From the first line to the last, set down the material exactly and drop every picture.

> _INFORMATION SUPPLIED_:
○ ○ ○

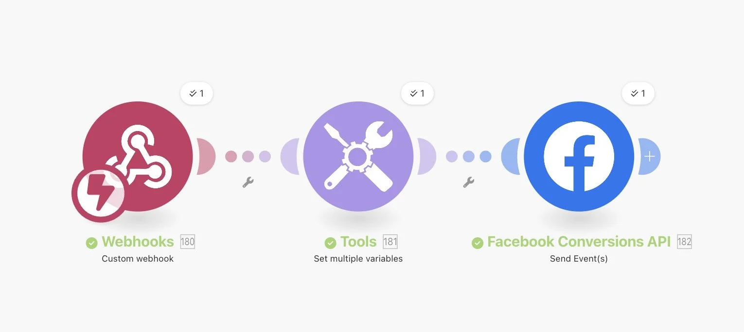 For this, there are tons of solutions like Tracklution, Stape, make.com or my custom tracking app I’ve developed and can install for you.
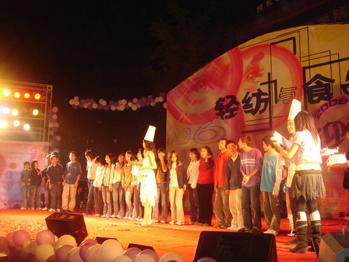 随着一曲欢快的音乐和动感十足的开场舞,轻纺与食品学院2006年度迎新晚会于11月12日晚7:00在青春广场正式拉开了序幕,整个青春广场顿时成了歌声与掌声的海洋。
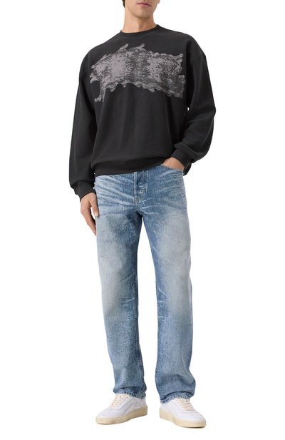 Свитшот свободного кроя, словно немного выцветший со временем, выполнили из хлопкового трикотажа. Спереди модель с отделкой в рубч ик декорировали логотипом, напоминающим граффити с потеками.

○ ○ ○

> _TASK ANSWER_:
 For this, there are tons of solutions like Tracklution, Stape, make.com or my custom tracking app I’ve developed and can install for you.
 随着一曲欢快的音乐和动感十足的开场舞,轻纺与食品学院2006年度迎新晚会于11月12日晚7:00在青春广场正式拉开了序幕,整个青春广场顿时成了歌声与掌声的海洋。
 Свитшот свободного кроя, словно немного выцветший со временем, выполнили из хлопкового трикотажа. Спереди модель с отделкой в рубч ик декорировали логотипом, напоминающим граффити с потеками.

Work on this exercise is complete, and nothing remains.